Data section –
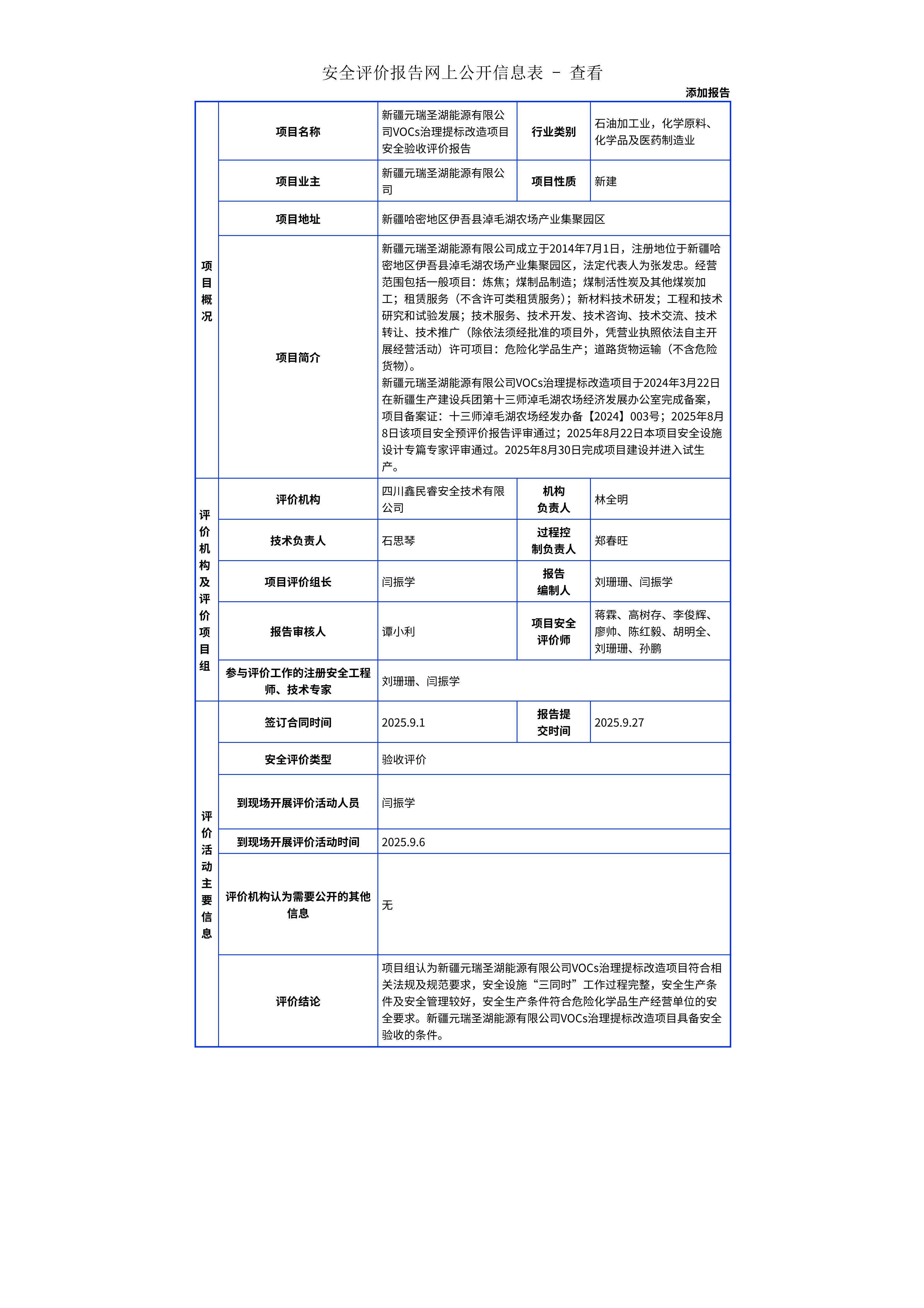 293新疆元瑞圣湖能源有限公司VOCs治理提标改造项目安全验收评价报告
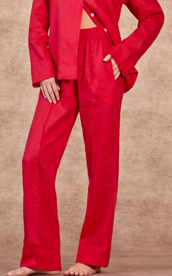 Pijama Americano Manga Longa com Calça Puro Linho Rubi
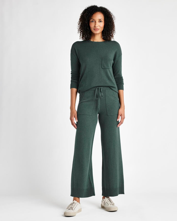 Cut from 100% cashmere, our Aksel Cashmere Wide Leg Pant combines comfort and luxury. Made in a wide leg silhouette with an ultra soft feel, this pant takes chic lounge dressing to a whole new level. Topped with a drawstring waist and front patch pockets, it's trimmed with rib texture detailing along the pockets and hem for a finish that looks (and feels) oh-so-elevated. Pair it with the Aksel Cashmere Hoodie.

Work required –
The response has to be an exact copy of all the data, pictures excluded.

Task output –
 293新疆元瑞圣湖能源有限公司VOCs治理提标改造项目安全验收评价报告
 Pijama Americano Manga Longa com Calça Puro Linho Rubi
 Cut from 100% cashmere, our Aksel Cashmere Wide Leg Pant combines comfort and luxury. Made in a wide leg silhouette with an ultra soft feel, this pant takes chic lounge dressing to a whole new level. Topped with a drawstring waist and front patch pockets, it's trimmed with rib texture detailing along the pockets and hem for a finish that looks (and feels) oh-so-elevated. Pair it with the Aksel Cashmere Hoodie.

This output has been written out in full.